Start of EXTRACTED MATERIAL

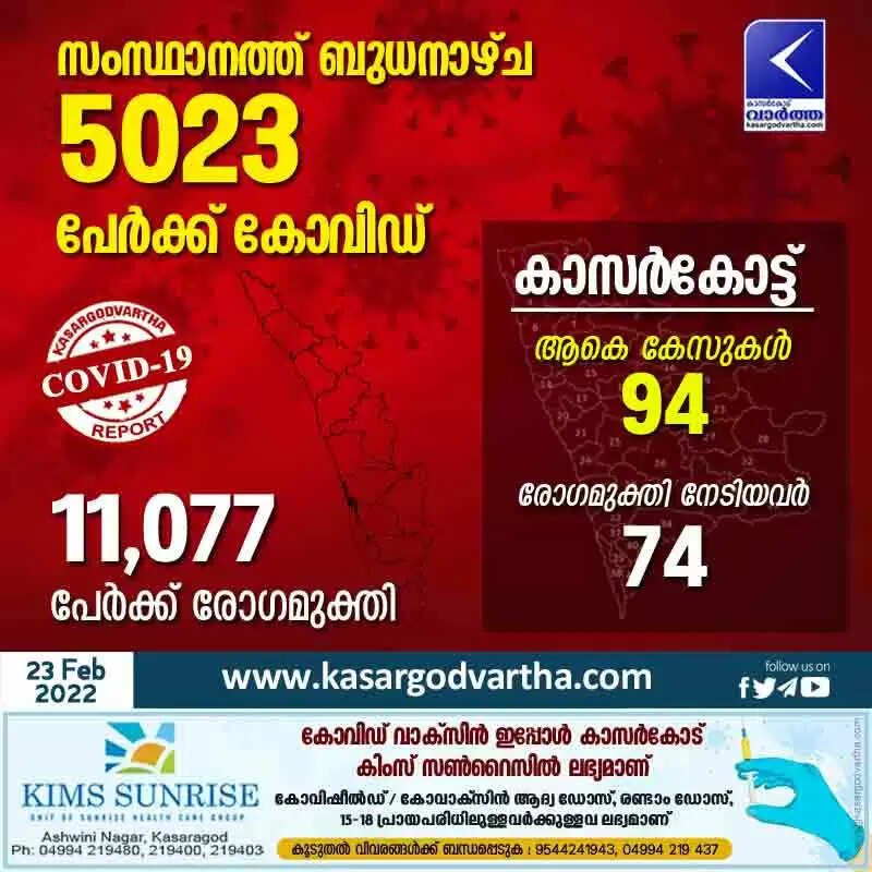 കേരളത്തില് ബുധനാഴ്ച 5023 പേര്ക്ക് കോവിഡ്: കാസർകോട് 94 പേര്
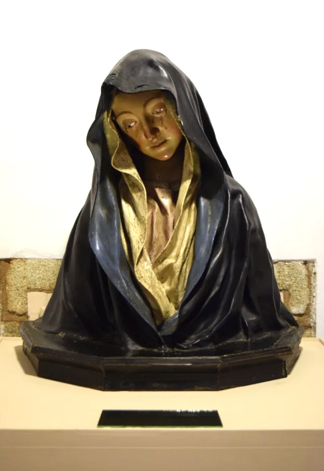 Escultura de busto en madeira policromada que representa á Virxe das Dores. A figura da Dolorosa presenta a cabeza lixeiramente inclinada cara á dereita, cuberta por unha toca branca e un manto azul de pregues ondulantes que enmarcan o rostro, concentrando a atención do espectador na expresión facial. O semblante reflicte a desolación ante a última das sete dores marianas, transmitindo unha profunda introspección e serenidade.
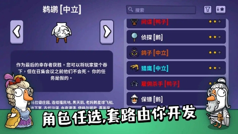 3、玩家将被随机分配到鹅阵营、鸭子阵营或者中立阵营中,不同阵营的角色也各自有着不同的技能。
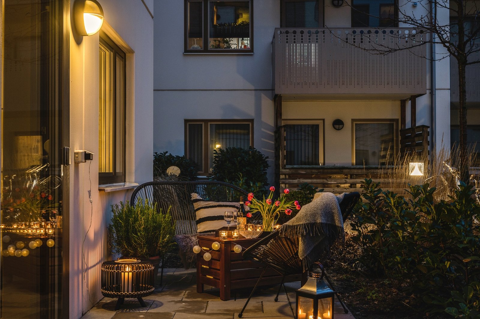 Här erbjuds en optimalt planerad bostad med öppen planlösning, luftiga ytor och egen uteplats. Lägg därtill en rymlig sovalkov med plats för dubbelsäng och flera garderober för bra förvaring.
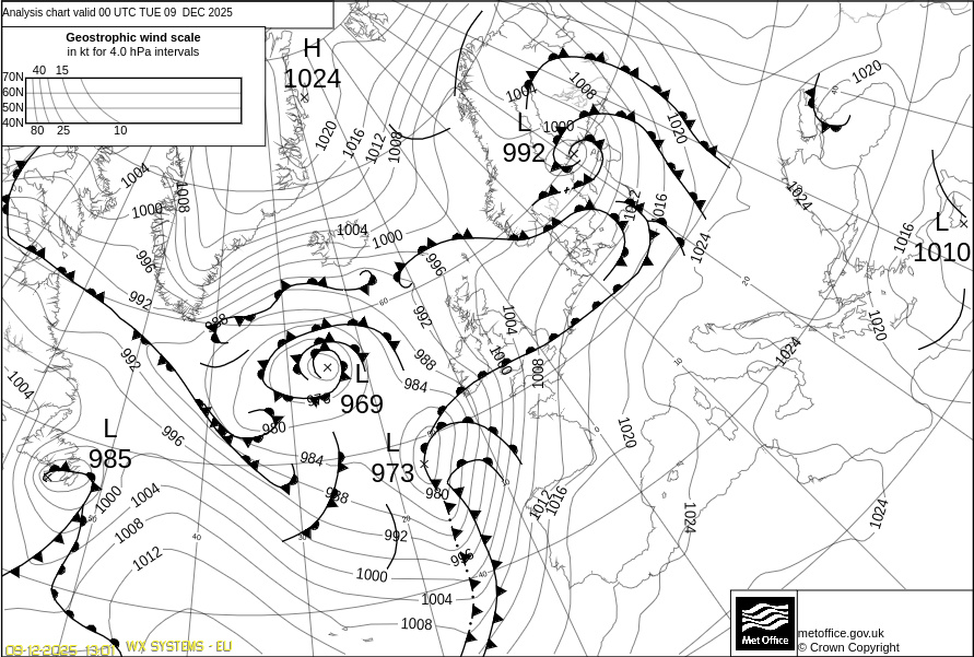 Η κυκλοφορία των αερίων μαζών σε Βαρομετρικό Υψηλό Οι Αντικυκλώνες με τη σειρά τους διακρίνονται σε Ψυχρούς, Θερμούς, Ψυχρούς και Θερμούς. Ψυχροί είναι οι αντικυκλώνες πού έχουν σε όλο το ύψος θερμοκρασία μικρότερη από τις γειτονικές περιοχές. Τέτοιοι αντικυκλώνες σχηματίζονται το χειμώνα πάνω απ' τις ψυχρές περιοχές των Ηπείρων. Θερμοί είναι οι Αντικυκλώνες πού στο εσωτερικό τους και καθ' όλο το ύψος τους η θερμοκρασία είναι μεγαλύτερη από ότι στις γειτονικές περιοχές. Αυτοί οι Αντικυκλώνες συνήθως σχηματίζονται πάνω από θάλασσες, καθώς και στα νοτιότερα πλάτη πάνω από ηπειρωτικές περιοχές (Αφρική) κατά το χειμώνα. Τέλος Θερμοί και Ψυχροί είναι οι Αντικυκλώνες πού κατά ένα μέρος είναι θερμοί και κατά ένα μέρος ψυχροί. Επίσης οι Αντικυκλώνες διακρίνονται σε μόνιμους , εποχικούς και κινητούς. Οι Μόνιμοι Αντικυκλώνες σχηματίζονται πάνω από τους ωκεανούς των υποτροπικών περιοχών. Τέτοιοι Αντικυκλώνες στο Β. ημισφαίριο είναι του Ατλαντικού (Αζορών) και του Ειρηνικού. Είναι θερμοί Αντικυκλώνες και επηρεάζουν τις παρακείμενες ηπείρους με καλό καιρό, αν και τον χειμώνα μετατοπίζονται προς τον ισημερινό και δεν επηρεάζουν τις εύκρατες περιοχές. Οι Εποχικοί Αντικυκλώνες σχηματίζονται πάνω από μεγάλες ηπειρωτικές εκτάσεις κυρίως κατά την ψυχρή περίοδο και είναι εξ αιτίας αυτού συνήθως ψυχροί. Τέτοιοι Αντικυκλώνες είναι της Σιβηρίας και του Καναδά. Τέλος οι Κινητοί Αντικυκλώνες είναι πολύ μικρότεροι σε έκταση και σχηματίζονται σε περιοχές μεγάλων γεωγραφικών πλατών. Μετακινούνται όμως γρήγορα προς τα μικρότερα γεωγραφικά πλάτη μεταφέροντας πολύ ψυχρές αέριες μάζες. Σ' αυτούς οφείλονται συνήθως οι ψυχρές εισβολές και οι χιονοπτώσεις των εύκρατων και υποτροπικών περιοχών. Στον χάρτη καιρού της εικόνας πού ακολουθεί έχει αποτυπωθεί ένα Βαρομετρικό Χαμηλό πάνω απ' την Ιταλία, και ένας Αντικυκλώνας πάνω από τη Λιβύη.
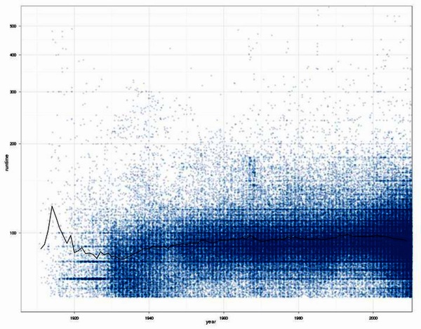 Using IMDb data about movie runtimes munged with Perl and analyzed with R (statistical software)

End of EXTRACTED MATERIAL

THE PROBLEM
Should a picture appear among the entries above, omit it and repeat everything else exactly.

REPLY
 കേരളത്തില് ബുധനാഴ്ച 5023 പേര്ക്ക് കോവിഡ്: കാസർകോട് 94 പേര്
 Escultura de busto en madeira policromada que representa á Virxe das Dores. A figura da Dolorosa presenta a cabeza lixeiramente inclinada cara á dereita, cuberta por unha toca branca e un manto azul de pregues ondulantes que enmarcan o rostro, concentrando a atención do espectador na expresión facial. O semblante reflicte a desolación ante a última das sete dores marianas, transmitindo unha profunda introspección e serenidade.
 3、玩家将被随机分配到鹅阵营、鸭子阵营或者中立阵营中,不同阵营的角色也各自有着不同的技能。
 Här erbjuds en optimalt planerad bostad med öppen planlösning, luftiga ytor och egen uteplats. Lägg därtill en rymlig sovalkov med plats för dubbelsäng och flera garderober för bra förvaring.
 Η κυκλοφορία των αερίων μαζών σε Βαρομετρικό Υψηλό Οι Αντικυκλώνες με τη σειρά τους διακρίνονται σε Ψυχρούς, Θερμούς, Ψυχρούς και Θερμούς. Ψυχροί είναι οι αντικυκλώνες πού έχουν σε όλο το ύψος θερμοκρασία μικρότερη από τις γειτονικές περιοχές. Τέτοιοι αντικυκλώνες σχηματίζονται το χειμώνα πάνω απ' τις ψυχρές περιοχές των Ηπείρων. Θερμοί είναι οι Αντικυκλώνες πού στο εσωτερικό τους και καθ' όλο το ύψος τους η θερμοκρασία είναι μεγαλύτερη από ότι στις γειτονικές περιοχές. Αυτοί οι Αντικυκλώνες συνήθως σχηματίζονται πάνω από θάλασσες, καθώς και στα νοτιότερα πλάτη πάνω από ηπειρωτικές περιοχές (Αφρική) κατά το χειμώνα. Τέλος Θερμοί και Ψυχροί είναι οι Αντικυκλώνες πού κατά ένα μέρος είναι θερμοί και κατά ένα μέρος ψυχροί. Επίσης οι Αντικυκλώνες διακρίνονται σε μόνιμους , εποχικούς και κινητούς. Οι Μόνιμοι Αντικυκλώνες σχηματίζονται πάνω από τους ωκεανούς των υποτροπικών περιοχών. Τέτοιοι Αντικυκλώνες στο Β. ημισφαίριο είναι του Ατλαντικού (Αζορών) και του Ειρηνικού. Είναι θερμοί Αντικυκλώνες και επηρεάζουν τις παρακείμενες ηπείρους με καλό καιρό, αν και τον χειμώνα μετατοπίζονται προς τον ισημερινό και δεν επηρεάζουν τις εύκρατες περιοχές. Οι Εποχικοί Αντικυκλώνες σχηματίζονται πάνω από μεγάλες ηπειρωτικές εκτάσεις κυρίως κατά την ψυχρή περίοδο και είναι εξ αιτίας αυτού συνήθως ψυχροί. Τέτοιοι Αντικυκλώνες είναι της Σιβηρίας και του Καναδά. Τέλος οι Κινητοί Αντικυκλώνες είναι πολύ μικρότεροι σε έκταση και σχηματίζονται σε περιοχές μεγάλων γεωγραφικών πλατών. Μετακινούνται όμως γρήγορα προς τα μικρότερα γεωγραφικά πλάτη μεταφέροντας πολύ ψυχρές αέριες μάζες. Σ' αυτούς οφείλονται συνήθως οι ψυχρές εισβολές και οι χιονοπτώσεις των εύκρατων και υποτροπικών περιοχών. Στον χάρτη καιρού της εικόνας πού ακολουθεί έχει αποτυπωθεί ένα Βαρομετρικό Χαμηλό πάνω απ' την Ιταλία, και ένας Αντικυκλώνας πάνω από τη Λιβύη.
 Using IMDb data about movie runtimes munged with Perl and analyzed with R (statistical software)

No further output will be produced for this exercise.